Graphs help, but the benefit monotonically shrinks as concurrency rises and the GPU saturates. At npl=128 there is only ~1.5% of host launch overhead left to remove, and GPU util is ~96% in both columns. You cannot lift npl=128 decode toward 667 by working on graphs/host overhead - the GPU is the bottleneck.

Where the number actually is, and the real lever

  • vLLM 667 t/s at this concurrency = 192 ms/step; llama.cpp 547 = 237 ms/step. The ~45 ms/step gap maps almost entirely onto the quantized matmul.
  • GB10 memory-bandwidth floor for a 32B Q4_K_M (~19.8 GB of weights, read once per step and shared across the 128 sequences) at ~273 GB/s is ~72 ms/step. llama.cpp's mul_mat_q spends ~155 ms/step on matmul = ~2.1x the bandwidth floor. vLLM's Marlin/Machete int4 GEMMs run much closer to the floor; that efficiency difference is the ~547 -> 667 gap.
  • The Q6_K matmul (mul_mat_q type 14) also shows pathological tail latency (median 0.89 ms, max 5.5 ms) - the MMQ kernel is not well-tuned for the skinny n=128 decode shape.

The lever to beat 547 is a faster quantized decode GEMM, i.e. a Marlin-style int4 kernel for the decode shapes.
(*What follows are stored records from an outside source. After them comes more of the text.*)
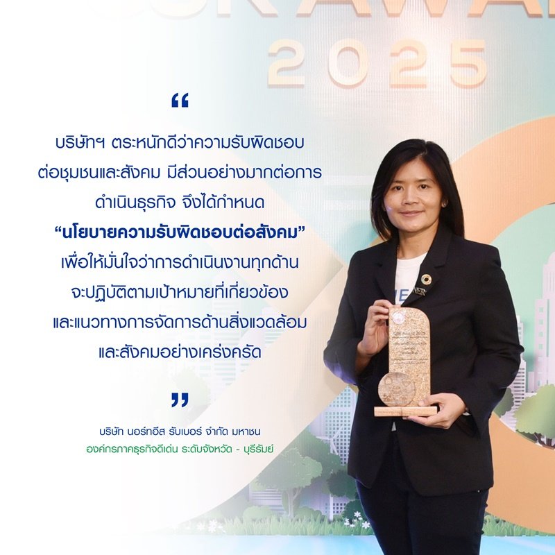 บริษัท นอร์ทอีส รับเบอร์ จำกัด (มหาชน) หรือ NER ผู้ผลิตและจำหน่ายยางแท่ง ยางแผ่นรมควัน ยางผสม เพื่อจำหน่ายไปยังผู้ผลิตในอุตสาหกรรมยานยนต์และกลุ่มผู้ค้าคนกลางทั้งในและต่างประเทศ ได้รับ รางวัล CSR Award 2025 รางวัลองค์กรที่มีผลงานการส่งเสริมความรับผิดชอบต่อสังคมของภาคธุรกิจดีเด่น จังหวัดบุรีรัมย์ ประจำปี 2568
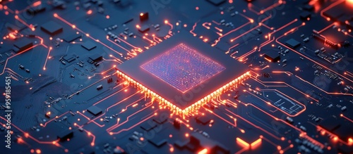 AI Enhanced Computer Chip Analyzing Data with Flowing Electrical Signals 3D Render Illustrating Technology and Computing Concepts
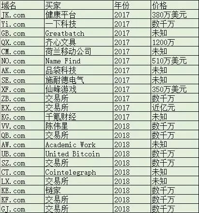 近兩年交易的二字母域名,價(jià)格也都高于千萬(wàn)
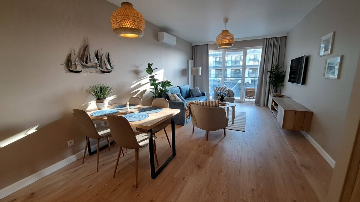 Luxurious 7-person apartment Marina 22 with direct view of the river. Located between the Wrzosowska Bay and the Baltic Sea. The "Dziwnów Peninsula" housing estate is an ideal place for a summer family holiday. Passing yachts and unique nature are assets that are hard to pass by indifferently. The estate is distinguished by low and intimate buildings. Unique nature is an asset that is hard to ignore. See you at the seaside!
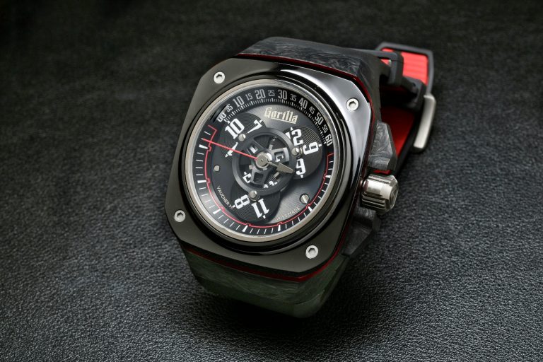 At 44mm wide case, and 14mm high, it carried the attractive and well defined design language of the Gorilla watch brand, being large, squarish and bold, with exposed screws on the ceramic bezel atop a case of layered carbon composite and a motorsport inspired colour scheme coming from red anodised aluminium and titanium.
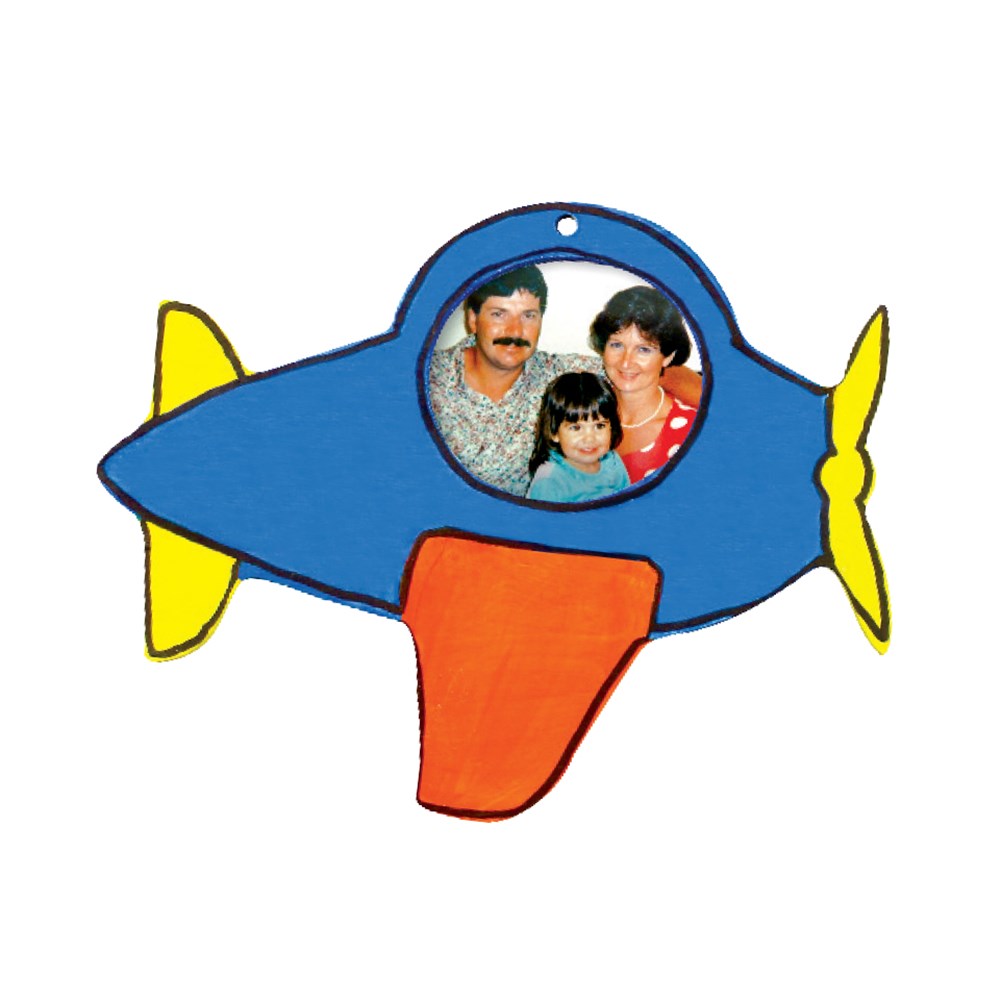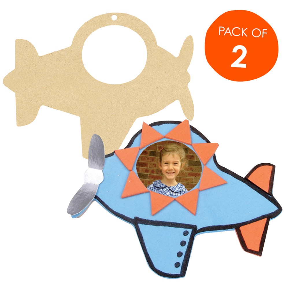 Wooden plane photo frames come plain for you to decorate. Each frame measures 11 x 9cm. Space for photograph measures 4 x 3cm. 3mm wood. Includes a hole for hanging. WHILE STOCKS LAST!
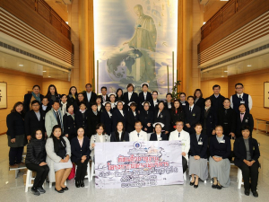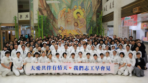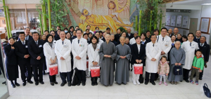 二十九日上午,七點五十分,在花蓮慈濟醫院大廳佛陀問病圖前,包含林欣榮院長、王立信副院長、吳彬安副院長、李毅醫務秘書以及護理部章淑娟主任與主管同仁,聚集了超過兩百位同仁與志工菩薩,準時參與大廳朝會聆聽《人間菩提》上人開示,並見證「大廳朝會」的歷史。林欣榮院長有感而發地說:「大廳朝會陪伴同仁見證花蓮慈院三十二年的歷史,是醫院同仁薰法香的起點,也是慧命資量的來源,未來就讓我們相約志工早會見!」。

This is exactly the direction of the prior session's uncommitted ggml/src/ggml-cuda/marlin-w4a16.cu and fp4-grouped-moe.cu (already wired via if (!split && ggml_cuda_w4a16_mul_mat(...)) return; in ggml_cuda_mul_mat). Note those target w4a16 / GPTQ-int4, while this GGUF is K-quant (Q4_K/Q6_K), so they are inert for this model - a Marlin path for K-quants (or shipping the model in a Marlin-friendly int4 format) would be required. That is a multi-day kernel effort, out of scope for this session, but it is the only lever that can move the number.

Why the "bump LLAMA_MAX_SEQ to 1024 -> 377" data point is consistent

llama_batch_allocr keeps seq_cpl as an LLAMA_MAX_SEQ x LLAMA_MAX_SEQ table (src/llama-batch.cpp), so per-batch seq bookkeeping scales ~O(MAX_SEQ^2). At MAX_SEQ=1024 that host cost becomes large enough (~70 ms/step) to dominate and drop decode to 377. At MAX_SEQ=256 the same term is ~4.4 ms/step (the ~1.5% that graphs reclaim); lowering to 128 would save ~3 ms/step (~1%). So MAX_SEQ tuning confirms the host term is real but tiny at 256 - not a path to 667.

How this would land in LocalAI

  • No host/graph patch is warranted for this build: graphs already engage and the decode is GPU-bound. A "pad the decode batch / force graph capture" patch would change nothing measurable at high concurrency.
  • The actionable upstream/vendored work is a Marlin-style int4 decode GEMM (extend the prior marlin-w4a16.cu to cover K-quants, or quantize the served model into a Marlin-friendly int4 layout). That is where the ~547 -> 667+ lives.
  • If a small host win is still wanted, keep LLAMA_MAX_SEQ no larger than the max concurrency actually used (the per-batch seq_cpl table is O(MAX_SEQ^2)).

Reproduction

# baseline / A/B (cold, 30s cooldowns)
llama-batched-bench -m Qwen3-32B-Q4_K_M.gguf -npp 16 -ntg 128 -npl 32,64,128 \
  -ngl 99 -b 2048 -ub 2048 -fa on            # graphs on
GGML_CUDA_DISABLE_GRAPHS=1 ...same...        # graphs off

# GPU util (graphs on): sample nvidia-smi during decode -> ~96%, 2184 MHz
# GPU active (graphs off): nsys profile -t cuda --delay=6 --duration=8 ...
#   nsys stats --report cuda_gpu_kern_sum  -> sum/0.516 ~= 7.72s of 8s = ~96%

UPDATE: NVFP4 closes most of the decode gap (no Marlin-for-K-quants needed)

The diagnosis above said the lever is "a more bandwidth-efficient int4 decode GEMM" and feared a multi-day Marlin-for-K-quants kernel. But the FP4-MMA path is already that kernel. Measured (npl=128, cold A/B, npp=16 ntg=128):

quant decode S_TG (t/s) vs Q4_K vs vLLM 667
Q4_K_M 547 (548/546) - 82%
NVFP4 619 (617/622) +13% 93%

NVFP4's mul_mat_q<NVFP4> runs closer to the GB10 bandwidth floor at the thin n=128 decode shape than Q4_K's int8-MMQ (which ran ~2.1x above it). So shipping the model as NVFP4 closes the decode gap from ~22% to ~7% AND wins prefill (1209 vs Q4 767 / vLLM 800). Net on GB10: llama.cpp+NVFP4 is ahead on prefill (1.5x) and within ~7% on decode. The remaining ~7% would be incremental FP4-MMA decode-kernel tuning, NOT a from-scratch Marlin kernel - a much smaller, optional effort. NVFP4 is the answer to both the prefill and the decode gap.